The second example requires knowledge of an overview of ODA patching from the original OAKCLI (command line interface). There is an unpacking operation of the ODA patch from typically 3 zipfiles to local root-accessible directories. Then one basically does version updates of up to 3 components: system, storage, and database.

So there was no 12.2.1.5.0; we had to go from 12.2.1.4.0 to 18.3. This was a major change in ODA patching for my version ODA: we would be transitioning from OAKCLI to the DCS model with an ODACLI language during the system component upgrade. The documentation then outlines (supposedly) the process of using ODACLI to patch the storage and database components.

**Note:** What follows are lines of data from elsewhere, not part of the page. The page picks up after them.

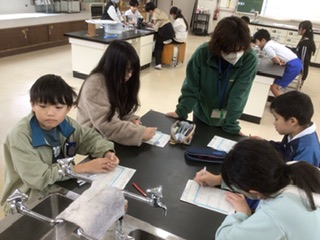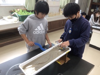 実験器具を使って曲がった川道を作り、水が流れた後に地形がどのように変化するのか確かめています。気づいたことはプリントに書き込んでいます。
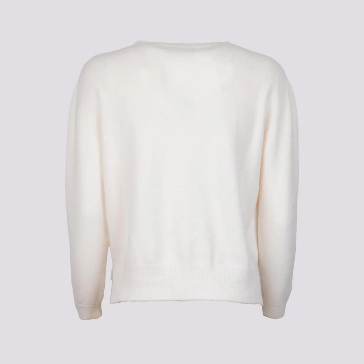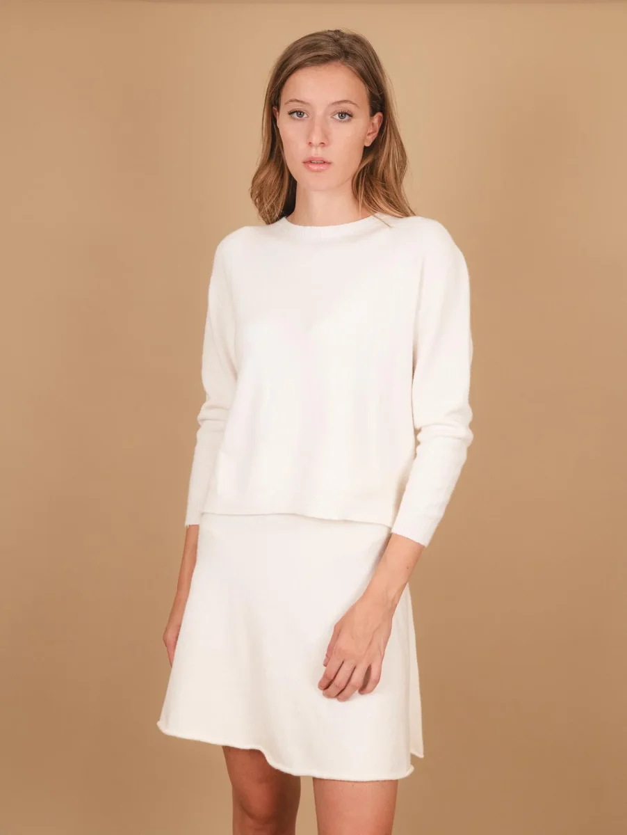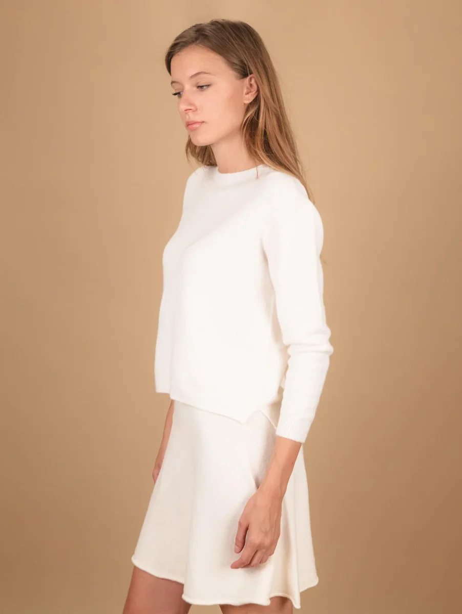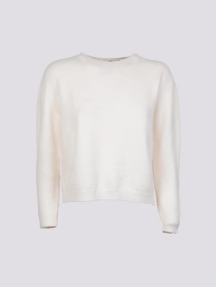 Girocollo in maglia panna con micro spacchi laterali e profili a coste. Vestibilità slim. Peso medio. Composizione: 50% vi, 27% po 23% pl.
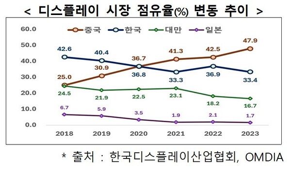이에 비해 지난해 중국 디스플레이 업계는 전년 대비 8.3% 늘어난 558억달러 매출을 기록하며 세계 디스플레이 시장 1위를 차지했다. 중국은 시장 점유율 기준 2021년 1위에 올라선 뒤 지난해 전년 대비 5.4%포인트 상승한 47.9%로 선두를 유지했다. 한국과 마찬가지로 대만(16.7%), 일본(1.7%)도 모두 전년보다 점유율이 하락했다. 중국만 나홀로 성장한 배경에는 애국 소비 열풍과 더불어 중국 정부가 현지 스마트폰 제조사 등에 자국산 부품 사용을 장려한 요인이 있다는 분석이다.
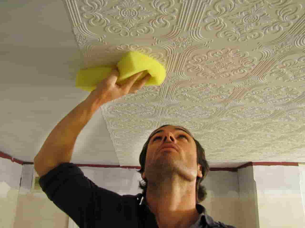 Совет! Не стоит мочить весь потолок, пока вы будете работать на одном участке, остальная поверхность высохнет, и вам придется повторять операцию несколько раз.
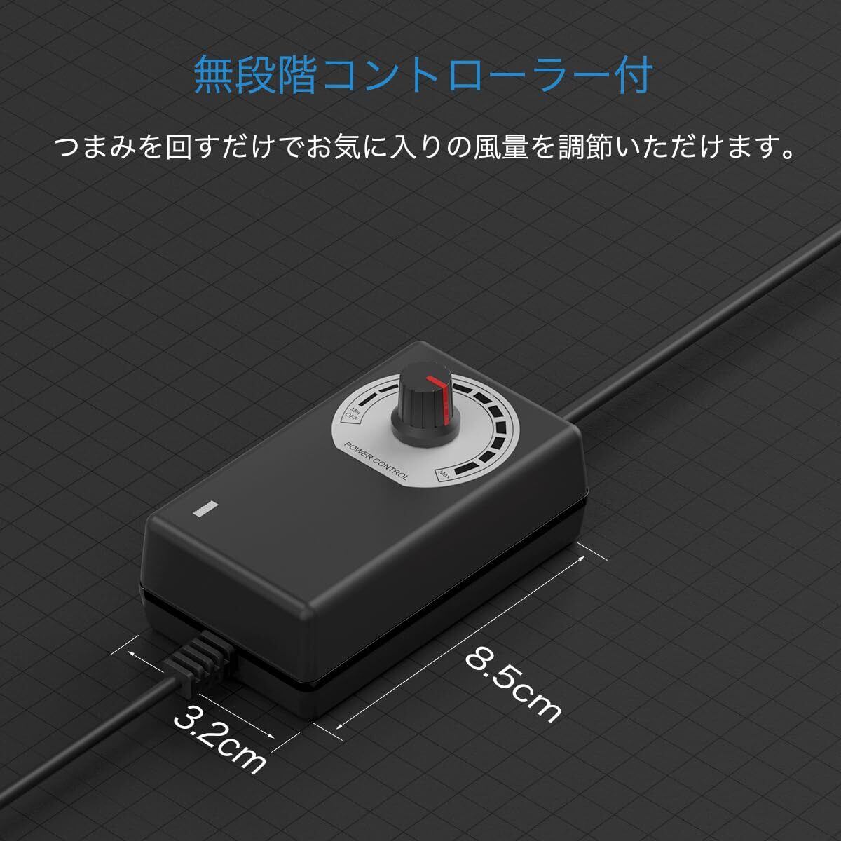 【コントローラー付き、一番いい換気スピードを選ぶ】無段階コントローラーが付いています。つまみを回すだけで、風量や風圧を同時に、最小から最大まで自由に調節頂けます。ご使用のシーンによって一番いい風量を調節して、換気スピードやノイズを選んで頂けます。

It turns out that there's a separate zipfile/"updating the repository" [unpacking] step for the database component. And the DOCUMENTATION STOPS THERE. (The last time I checked a few weeks back they still hadn't modified this.) Conceptually unpacking the software/updating the repository doesn't involve applying the patch. You know, is the emperor wearing clothes? On my own, I discovered the missing piece (a verb to update the database home) using a published OAKCLI/ODACLI cross-reference. I'm trying to explain to the Support analyst: "Dude, my RAC software hasn't been updated from the April to July CPU." I had already filled in the missing pieces. I  thought they had a duty to fix the documentation so DBA's following me wouldn't have to resolve the issue on their own. As a documentation guru, I had no idea how they could leave their documentation incomplete during a one-time migration process. This is not rocket science; they simply were too incompetent to fix their own mistakes, even when a customer pointed out the problem and what to do to fix it.